Refusal to cooperate by a lawmaker will place the committee in a difficult position to decide whether it should unload its legal arsenal, which includes subpoenas and criminal contempt referrals to internal House policies to compel compliance.

Eisen stated that the committee's strategy to build a case to ask their colleagues for testimony is crucial because it can help legal challenges stand up. Eisen suggested that investigators target lawmakers who were in direct contact with key figures in the events of Jan. 6. He also recommended that the committee have evidence of these episodes.

Eisen stated that it is strategic to start with the foundation because you know that each one of these document requests, even testimonial requests, will be highly contested. The lawyers representing these potentially guilty members will certainly be scrutinizing any legal arguments.
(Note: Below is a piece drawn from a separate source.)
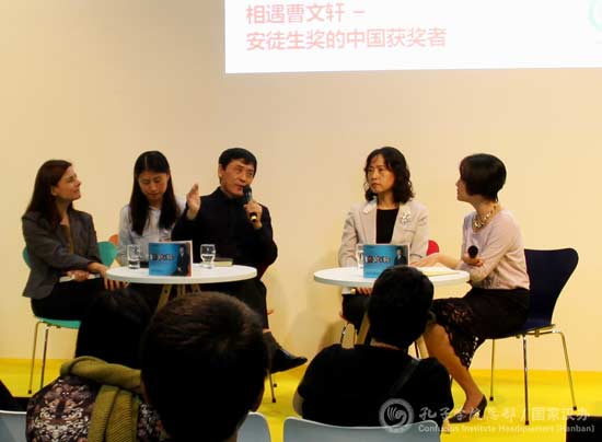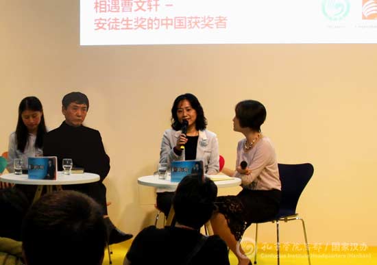 10月12日,在法兰克福书展Kids Stage平台上,孔子学院总部副总干事静炜与著名作家曹文轩展开专题对谈“相遇曹文轩——安徒生奖的中国获奖者”,这是2016年“中国孩子的书香世界”绘本展的延展项目。同期孔子学院总部与江苏凤凰出版传媒集团有限公司合作,在慕尼黑孔子学院和海德堡孔子学院的组织支持下,“曹文轩2017年文学交流德国之旅”赴慕尼黑国际青少年图书馆和海德堡市图书馆开展系列活动。

Any attempt to force legislators to testify or to turn over documents will lead to a clash over the House's authority to police its members. Experts in legal law say that the House cannot subpoena other lawmakers unless it is investigating the Ethics Committee.

The 1990s saw the Supreme Court uphold a Senate Ethics Committee subpoena to search the personal files of Sen. Robert Packwood (R.Ore.) who was accused of sexual harassment. However, there has been no similar attempt to investigate outside of congressional ethics panels.
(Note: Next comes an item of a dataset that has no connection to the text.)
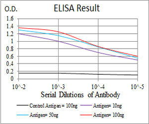 Figure 2:Black line: Control Antigen (100 ng); Purple line: Antigen(10ng); Blue line: Antigen (50 ng); Red line: Antigen (100 ng);

Many legislators who have faced legal difficulties over the years have turned towards the protection of Constitutions speech and debate clauses. This protects them from being sued and holds them legally responsible for any actions they take as an official. Experts say that this legal protection is intended to protect against the intrusion of other branches of government, and not just from within the House.

According to a former member from the House counsels office, these are not constitutional issues. He spoke openly under anonymity. Speech and Debate are the most common privileges we think about, but they also apply to inter-branch interference in the affairs of co-equal branches of government. It is intra-branch in this instance, so those privileges won't apply.

Republicans are largely trying to discredit the probe after Speaker Nancy Pelosi rejected two McCarthys nominees for the committee, including Jordan. This prompted the GOP leader and GOP leader to withdraw his selections from the Jan. 6 probe.

Reps. Liz Cheney from Wyoming and Adam Kinzinger from Illinois are the two Republicans who serve on this panel. However, the larger GOP conference dismissed their participation due to their appointment by House Democrats. Also, because they were outspoken Trump critics after voting to impeach him following the Jan.6 attack, both of them have been publicly critical of Trump. Some Capitol Hill Republicans have privately questioned why a GOP member would consent to testify before a Jan. 6 panel, without McCarthy's counterbalance.

As Rep. Bennie Thompson, Chair, listens to Rep. Liz Cheney ask D.C. Metropolitan Police Department Officer Michael Fanone questions before the House Select Committee that is investigating the Jan. 6 attack. Bill O'Leary/Getty Images

Jordan, the House Judiciary Committee's top Republican, is particularly interested in the question of whether or not to engage with the selected panel. Jordan was a prominent conservative investigator during the investigation of allegations of misconduct at the Justice Department and FBI during the 2016 presidential campaign. House Republicans defended the power to subpoena executive-branch officials for their testimony.

Jordan and his colleagues now find themselves in unfamiliar territory, with the possibility of being subpoenaed by their branch. Republicans warn Democrats that if Jan. 6's panel targets other lawmakers, a GOP majority would be ready to subpoena a few prominent liberals who have faced behavioral questions of their very own.